An object is shot from the back of a railroad flatcar moving at 40 km/h on a straight horizontal
road. The launcher is aimed upward, perpendicular to the bed of the flatcar. The object falls:
a) in front of the flatcar
b) behind the flatcar
c) on the truck
d) either behind or in front of the flatcar, depending on the initial speed of the object
e) to the side of the flatcar
On the flatcar
The object will fall in front of the flatcar.
This can be understood by considering the motion of the object relative to the flatcar. When the object is shot from the launcher, it will inherit the velocity of the flatcar, which is 40 km/h in the forward direction.

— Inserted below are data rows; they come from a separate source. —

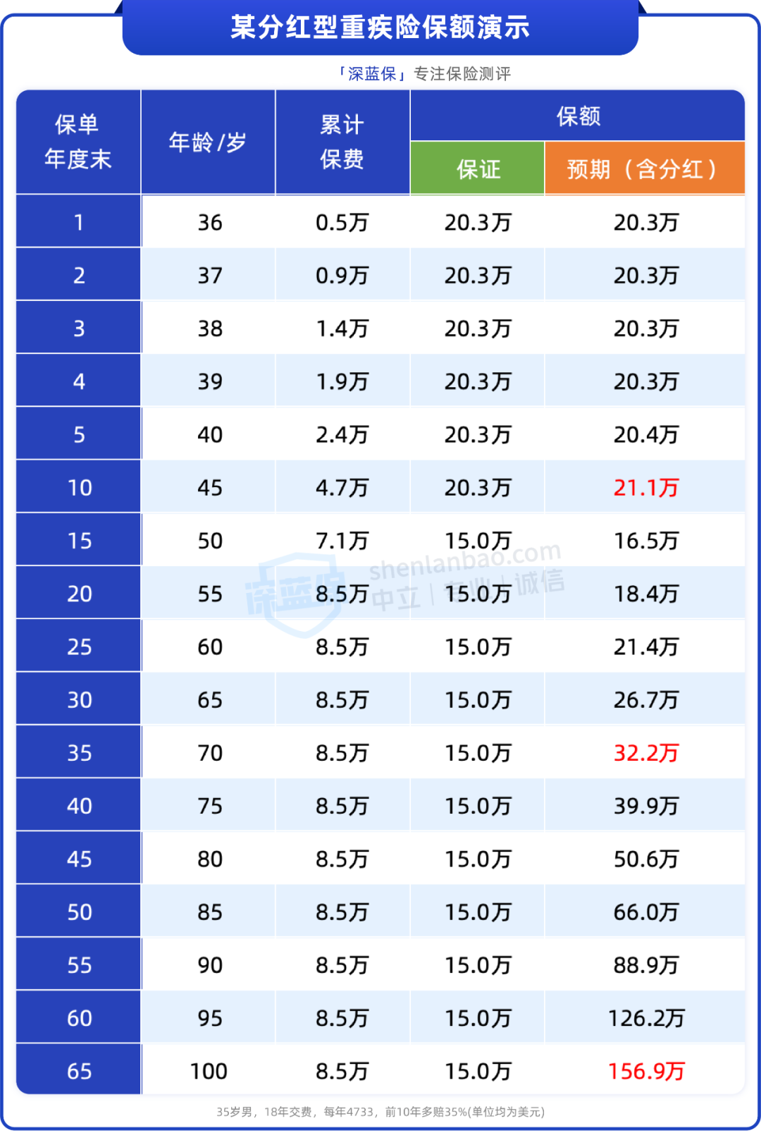 以35岁男,每年交4733美元,交18年为例,保证保额为15万美元,前10年多赔5.25万美元,具体的「保证保额」和「含分红的预期保额」如下表:
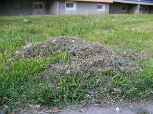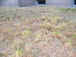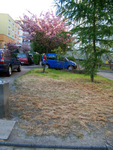 Osiedle na początku maja, po ciężkiej walce z wrażymi źdźbłami. Zwycięstwo na całej linii. Trawa padła, żółte, suche badyle sterczą tu i ówdzie… Widok jak na ściernisku po skoszonej pszenicy – ucieszyłby zapewne spracowanego rolnika… Chodniki porządnie odchwaszczone, a że trochę „chemii” wylało się na trawnik (tak z pół metra) – nie szkodzi. Kiedyś pewnie odrośnie… Podstawowe przykazania ogrodnicze dotyczące trawy zostały brutalnie podeptane jak sama trawa. Wielu może nie wie, albo nie chce wiedzieć, że nie należy kosić w czasie upałów, że skoszoną trawę trzeba zebrać jak najszybciej (a nie zostawiać na 3 dni), że nie należy ciąć zbyt nisko (a tymczasem kosiarki tną do samej gleby. Im niżej przecież, tym dłużej zielsko będzie rosło i nie trzeba będzie znów taszczyć traktora i jeździć w kółko między krzewami).
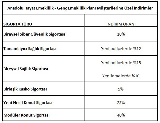 • Anadolu Hayat Emeklilik A.Ş.’ de Genç Emeklilik Planı bulunan 18-25 aralığındaki müşteriler için düzenlenecek poliçelerde, yukarıda belirtilen ürün ve oranlarda indirim uygulanacaktır.

Since the launcher is aimed upward perpendicular to the bed of the flatcar, the initial velocity of the object will have both a horizontal component (due to the velocity of the flatcar) and a vertical component (due to the aim of the launcher). However, the horizontal component of the object's velocity is the same as the flatcar's velocity, so it will not change during the object's motion.
The object will experience only vertical acceleration due to gravity, and there is no horizontal force acting on it. As a result, the horizontal component of the object's velocity will remain constant throughout its fall. Thus, the object will fall in front of the flatcar along the same straight horizontal path, in the direction of the initial horizontal velocity.
To determine where the object falls, we need to consider the horizontal velocity of the object and the vertical motion separately.
1. Horizontal motion:
Since the object is shot from the back of the flatcar, it will initially have the same horizontal velocity as the flatcar. Therefore, the horizontal velocity of the object is 40 km/h.
2. Vertical motion:
The vertical motion of the object is governed by gravity. As there is no horizontal force acting on the object once it is in the air, its horizontal velocity remains constant throughout its trajectory. Only gravity acts on the object vertically, causing it to accelerate downwards.
Considering the vertical motion, we need to determine the time it takes for the object to fall. The time of flight can be found using the equation for vertical motion:
h = (1/2) * g * t^2,
where h is the vertical distance traveled, g is the acceleration due to gravity (9.8 m/s^2), and t is the time of flight.
Since we don't have the value of the vertical distance, we will assume the object falls from a height close to the flatcar's height. This allows us to ignore the effect of air resistance.
Now, substituting the values:
h = 0.5 * 9.8 * t^2,
h = 4.9 * t^2.
Next, we need to find the value of t when the object hits the ground. During this time, the flatcar and the object will continue to move horizontally.
t = (2 * h / g)^0.5,
t = (2 * 1 / 9.8)^0.5 = 0.451 s (approx).
Finally, we can determine the horizontal distance traveled by the flatcar and the object during this time. Using the equation:
d = v * t,
where d is the horizontal distance, v is the velocity, and t is the time, we can calculate:
d = 40 km/h * 0.451 s = 18.04 km (approx).
Therefore, the object will fall behind the flatcar, option (b), as it travels a shorter horizontal distance than the flatcar during the time it takes to fall.